My journey started back home in Ūawa, with my whānau helping me gear up for my first-ever trip abroad – beyond Aussie, at least. From Christchurch, across to Hong Kong and finally over to Taiwan, it took five months of prep before we were even ready to step on that plane. Leaving home felt like being pulled from safe shores and thrown into the open ocean. Yet amid the chaos – airports, train stations, customs, language barriers – there was excitement, nerves, and a sense of anticipation for everything waiting beyond the horizon.
The moment we touched down, I knew: this was not Aotearoa anymore. Everything pulsed louder, faster, warmer, busier. Even the air was different. I was one of two kaiārahi Māori, looking after ten tauira Māori from Ōtākou Whakaihu Waka and Te Herenga Waka, travelling as part of Taihaere – The Indigenous Exchange Program. For six weeks, Taiwan became our classroom. Our kaupapa? Cultural exchange and strengthening hononga with the many iwi of Taiwan, where some kōrero hints at our voyaging ancestors’ origins before navigating Te Moana-nui-a-Kiwa.

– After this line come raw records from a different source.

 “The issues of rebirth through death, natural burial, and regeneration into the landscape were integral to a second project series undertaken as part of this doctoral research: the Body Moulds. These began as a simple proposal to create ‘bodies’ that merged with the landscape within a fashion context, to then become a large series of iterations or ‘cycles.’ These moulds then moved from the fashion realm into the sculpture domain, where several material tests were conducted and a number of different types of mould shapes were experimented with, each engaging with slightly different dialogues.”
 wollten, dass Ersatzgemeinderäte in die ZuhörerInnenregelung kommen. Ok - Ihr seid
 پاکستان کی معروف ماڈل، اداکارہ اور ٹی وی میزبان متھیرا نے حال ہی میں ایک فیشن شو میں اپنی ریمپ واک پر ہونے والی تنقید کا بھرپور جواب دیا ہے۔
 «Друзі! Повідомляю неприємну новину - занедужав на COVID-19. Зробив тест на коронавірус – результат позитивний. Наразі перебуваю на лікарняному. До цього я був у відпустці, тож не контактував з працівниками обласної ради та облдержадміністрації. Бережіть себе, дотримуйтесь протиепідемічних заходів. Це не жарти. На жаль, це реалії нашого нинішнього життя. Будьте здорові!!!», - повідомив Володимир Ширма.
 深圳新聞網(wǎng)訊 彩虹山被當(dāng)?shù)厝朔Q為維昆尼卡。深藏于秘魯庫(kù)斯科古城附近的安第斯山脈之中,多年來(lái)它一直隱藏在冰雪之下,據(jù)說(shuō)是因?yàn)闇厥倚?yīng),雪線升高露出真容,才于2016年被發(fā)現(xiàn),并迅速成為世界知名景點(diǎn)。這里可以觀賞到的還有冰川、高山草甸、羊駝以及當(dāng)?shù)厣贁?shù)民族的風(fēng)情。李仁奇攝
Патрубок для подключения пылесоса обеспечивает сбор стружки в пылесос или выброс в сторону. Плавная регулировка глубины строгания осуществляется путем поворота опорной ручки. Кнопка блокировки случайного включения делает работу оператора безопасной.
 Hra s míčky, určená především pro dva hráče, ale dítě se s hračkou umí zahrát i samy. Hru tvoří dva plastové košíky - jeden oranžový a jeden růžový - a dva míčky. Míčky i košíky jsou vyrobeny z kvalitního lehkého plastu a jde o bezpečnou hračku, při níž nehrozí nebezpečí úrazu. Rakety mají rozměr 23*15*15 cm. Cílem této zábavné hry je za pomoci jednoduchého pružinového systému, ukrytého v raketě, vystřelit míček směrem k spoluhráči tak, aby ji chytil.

Taipei: A Symphony of Senses
We spent three days in Taipei during the Lunar New Year, discovering a city where tradition and modernity collided. Normally bustling, the streets were quieter over the holiday, yet the lights, lanterns, and fireworks more than made up for it. The city hit every sense at once: incense smoke curling through the air, neon signs buzzing above, street food sizzling, and fireworks cracking against the skyline. From gondolas soaring above the city to Taipei 101 (you just had to be there), shopping streets teeming with colour and endless culinary adventures – including stinky tofu, which I’ll politely never touch again – that were just out of this world. The squat toilets, though? No further explanation.

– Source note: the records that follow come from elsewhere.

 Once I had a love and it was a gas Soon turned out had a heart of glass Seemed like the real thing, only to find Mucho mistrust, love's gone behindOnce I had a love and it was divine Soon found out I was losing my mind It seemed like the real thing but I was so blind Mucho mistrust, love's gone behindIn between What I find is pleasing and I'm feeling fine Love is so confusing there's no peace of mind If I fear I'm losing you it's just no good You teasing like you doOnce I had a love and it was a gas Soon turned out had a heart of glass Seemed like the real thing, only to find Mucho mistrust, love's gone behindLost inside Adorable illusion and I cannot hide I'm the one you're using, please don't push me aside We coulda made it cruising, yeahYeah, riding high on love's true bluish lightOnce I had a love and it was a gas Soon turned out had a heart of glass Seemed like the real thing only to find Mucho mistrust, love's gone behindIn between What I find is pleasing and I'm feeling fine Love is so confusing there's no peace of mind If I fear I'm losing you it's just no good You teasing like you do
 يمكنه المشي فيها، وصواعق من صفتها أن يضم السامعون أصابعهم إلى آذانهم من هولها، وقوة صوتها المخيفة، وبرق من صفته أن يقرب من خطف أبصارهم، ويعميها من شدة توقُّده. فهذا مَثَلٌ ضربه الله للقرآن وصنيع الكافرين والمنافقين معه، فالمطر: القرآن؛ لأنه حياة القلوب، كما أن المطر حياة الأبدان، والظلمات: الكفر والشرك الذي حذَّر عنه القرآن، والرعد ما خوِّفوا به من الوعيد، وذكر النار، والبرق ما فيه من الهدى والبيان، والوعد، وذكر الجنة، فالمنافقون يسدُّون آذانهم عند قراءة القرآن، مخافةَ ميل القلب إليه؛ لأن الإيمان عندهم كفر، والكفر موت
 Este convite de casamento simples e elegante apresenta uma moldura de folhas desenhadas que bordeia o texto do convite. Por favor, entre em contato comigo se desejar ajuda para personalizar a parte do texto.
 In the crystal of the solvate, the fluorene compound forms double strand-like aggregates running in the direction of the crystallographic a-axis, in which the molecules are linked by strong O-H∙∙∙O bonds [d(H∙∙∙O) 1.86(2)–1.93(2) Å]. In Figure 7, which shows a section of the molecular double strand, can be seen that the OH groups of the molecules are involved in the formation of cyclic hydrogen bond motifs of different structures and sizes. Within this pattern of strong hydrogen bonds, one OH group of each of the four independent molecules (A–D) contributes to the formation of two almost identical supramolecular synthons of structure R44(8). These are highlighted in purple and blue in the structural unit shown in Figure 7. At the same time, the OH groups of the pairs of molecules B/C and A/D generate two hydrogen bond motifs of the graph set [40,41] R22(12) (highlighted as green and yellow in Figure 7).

Amid the city buzz, we escaped to Zhinan Temple, high up in the hills, where we sampled Taiwan’s world-famous oolong tea right at the source and hung gold intention badges – even in the chaos of a new world, these rituals of grounding and connection were incredibly anchoring.

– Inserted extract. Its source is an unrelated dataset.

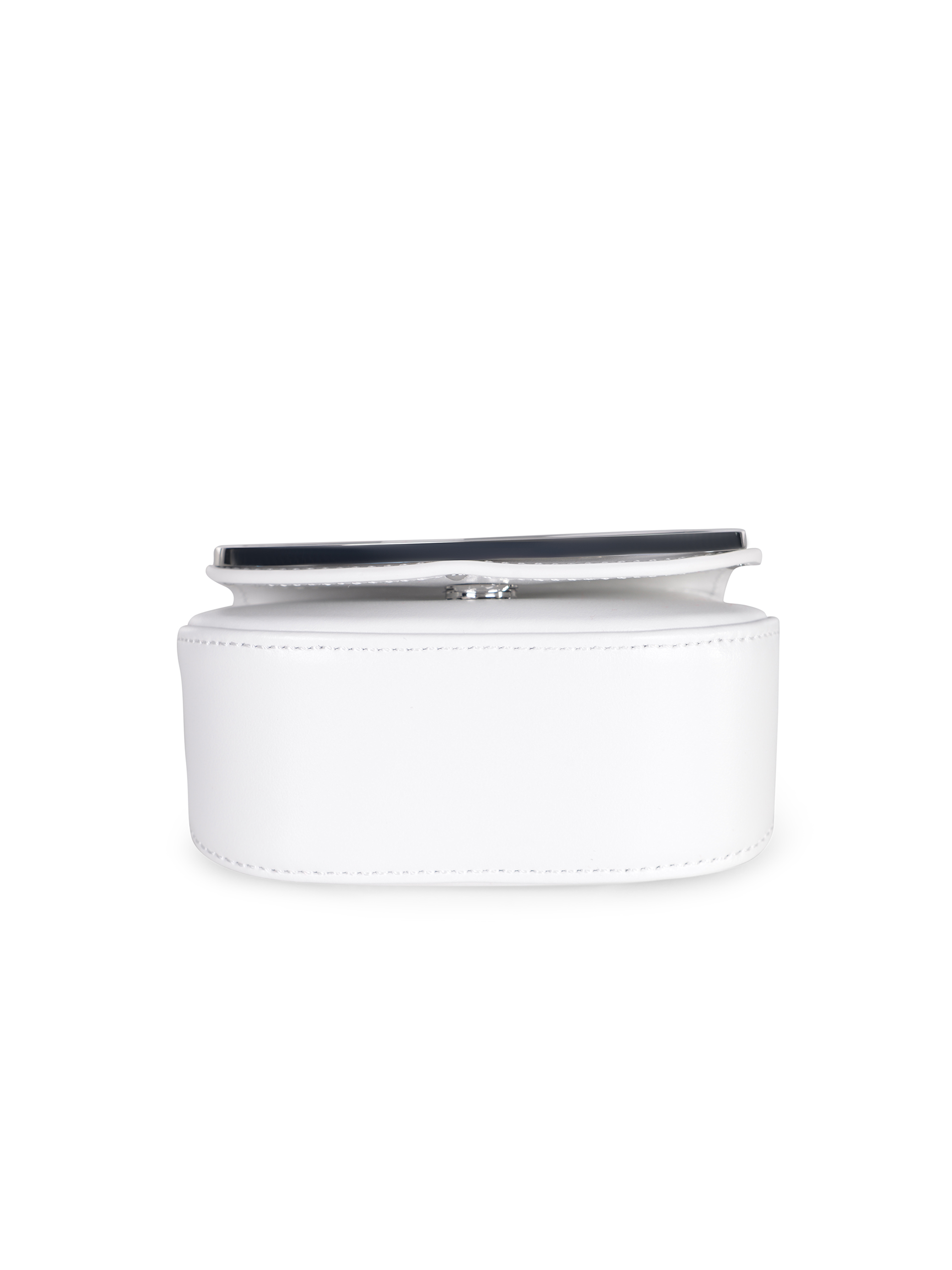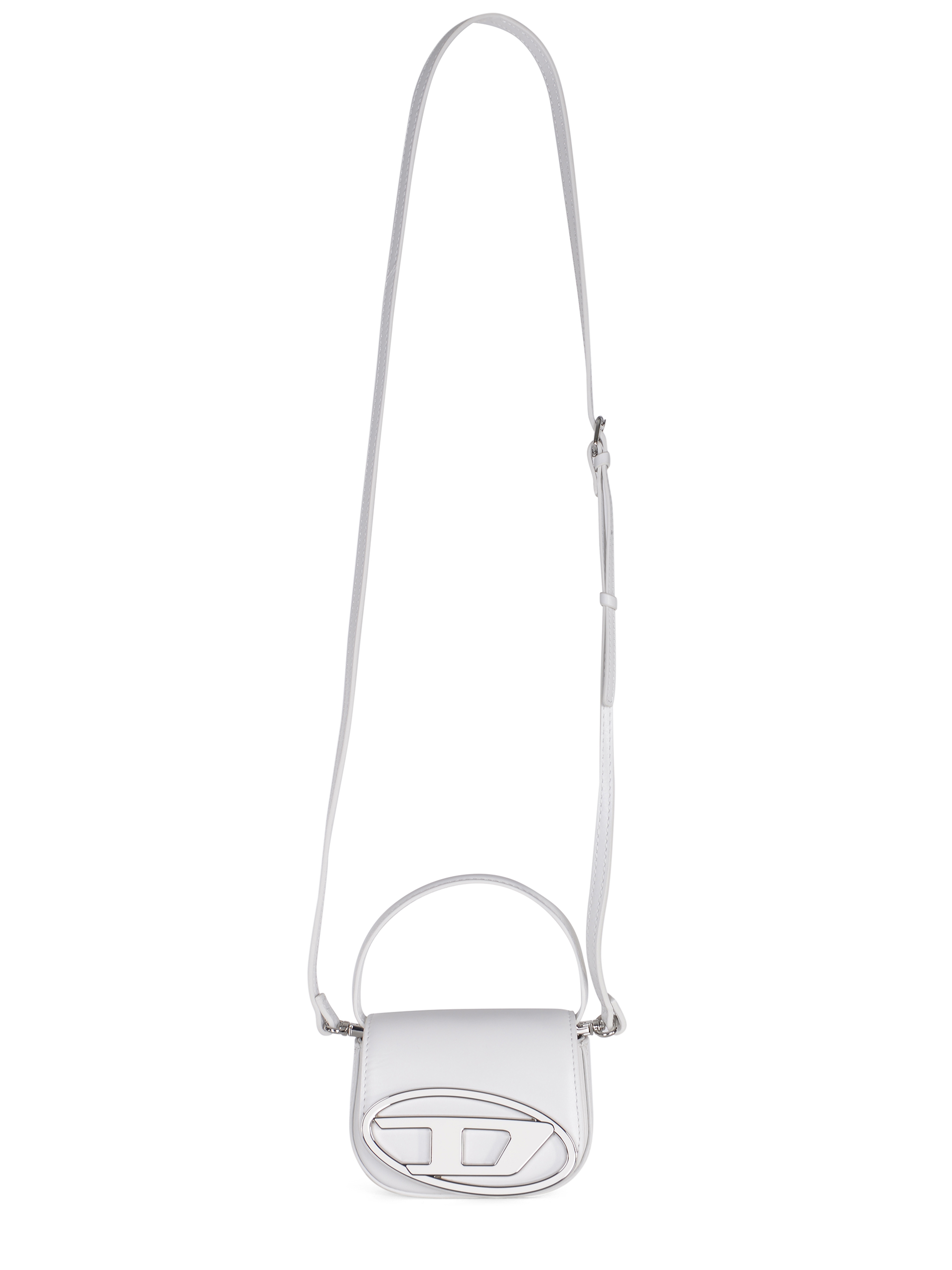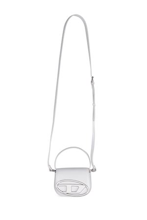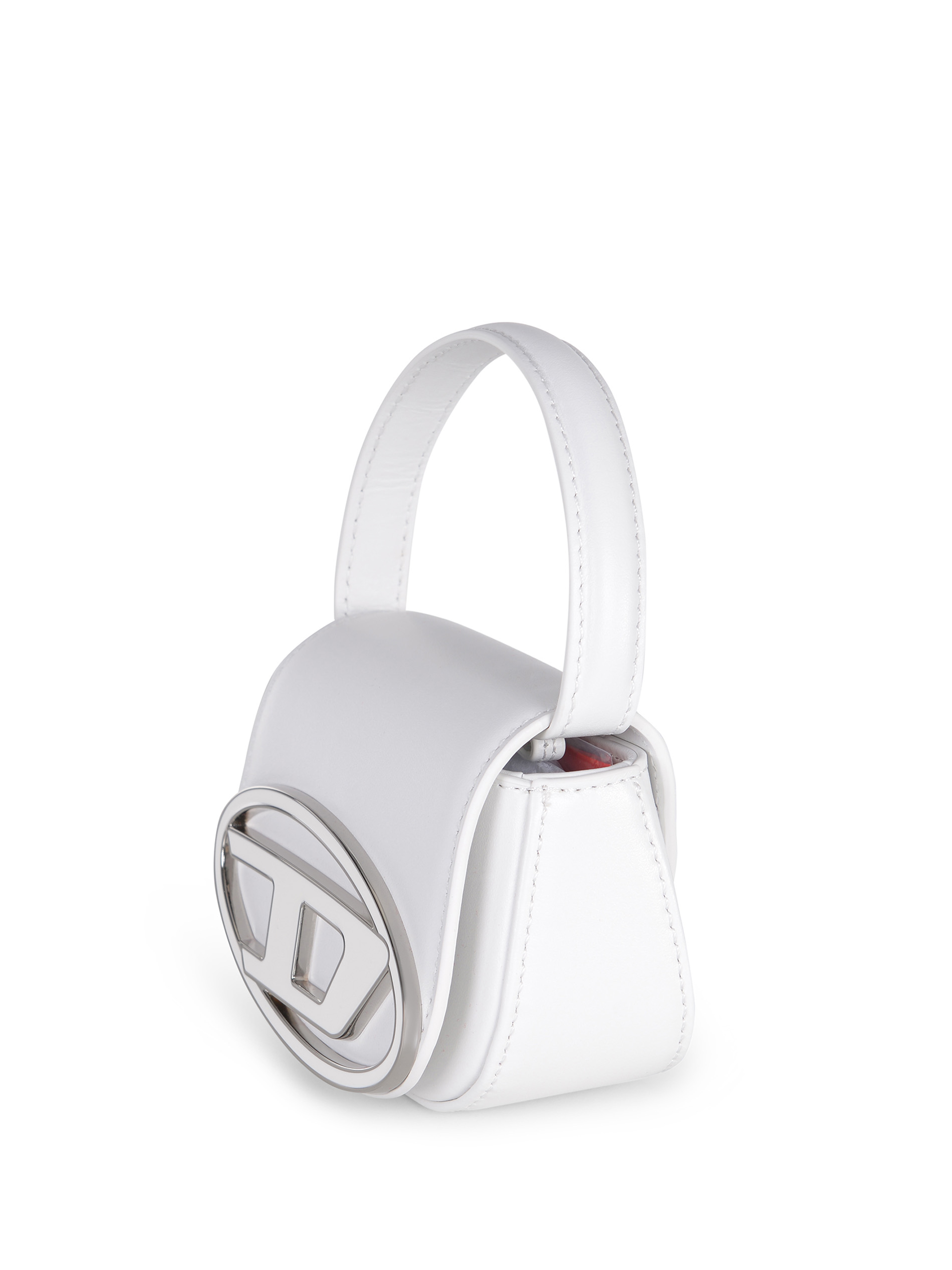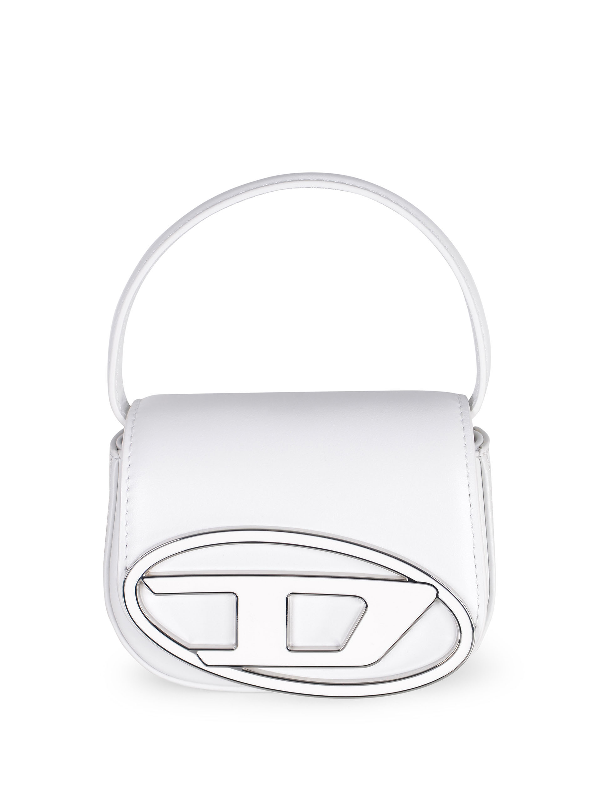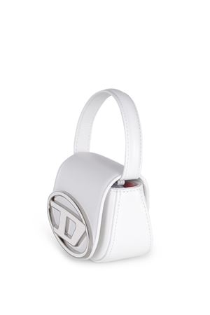 Diesel "1DR XS" bag made of white leather. Silver metal accents. Top handle.

Language could’ve been a massive barrier, but three incredible tuakana from Taiwan became our bridge. They guided us through travel, late nights, early starts, doctor's visits, laundromat visits, peanut allergies, and occasional stress, helping us find rhythm in the unfamiliar.
Where Two Worlds Collide
The journey was rewarding, but relentless – every single day, we were on the go. We ventured to Paiwan, wandering the village of La’i and attending a wedding with more than 1000 people, where we were honoured to be manuhiri. In Rukai, listening to the emotional kōrero of Adiri and Ginulan, villages displaced from their whenua after a devastating typhoon. At Pandan Asang school – their kura kaupapa equivalent – we were welcomed into routines: 6am to 6pm days, fully community-driven, anchored by games, kai, and aroha. In Siaolin, we stood in quiet reflection at the memorial for the 2009 typhoon that displaced hundreds of people, and the village of Tayal taught us their concepts of food sovereignty, showing how their communities grow produce such as cabbage and kiwifruit to sustain their people. Further down the road, in Wulai, we relaxed in natural springs before journeying to Bunun, where we participated in a sacred ceremony alongside one of our tuakana and her whānau. We took off to Amis, where we saw wāhine leading their people, with men taking care of the whare – a refreshing inversion of roles.
Then, after weeks of concrete cities and deep ngahere, reaching the coastline was a gift. Being a coastie, the moana always brings me home – salty air, rolling waves, sunlight dancing on water. That’s when we arrived in Tao, on Lanyu Island – the place where home called the loudest.
Tangata Tao: Echoes of Home
Seeing the Tao honour both land and sea, as we do, eased homesickness and calmness seeped in. The Tao are a selfless people, yet their land bears scars – nuclear waste dumped endlessly and six different waves of colonisation that shifted names, identities, and histories. Still, they welcomed us with open arms. Their waka, practices, and wero didn’t just mirror ours – they felt familiar, like echoes of home from across the ocean. The traditional underground homes breathed like marae, and presented us with their own wero, similar to our own. On our final night, we performed for the tangata whenua and taught them our haka. Whole whānau joined in, and it felt like being back on the marae at home. That’s where our worlds met.
Not Ūawa, But Close
Leaving Taiwan, I knew I was bringing more than souvenirs home. Their resilience, their languages, their ways of holding fast to identity despite colonisation – all of it shifted the way I understand our own people. Nothing beats an East Coast sunrise, but Taiwan certainly comes a close second. And honestly? The only thing fuller than my suitcase at the end was my cup.
One thing is for sure, though. Stinky tofu will never beat fried bread.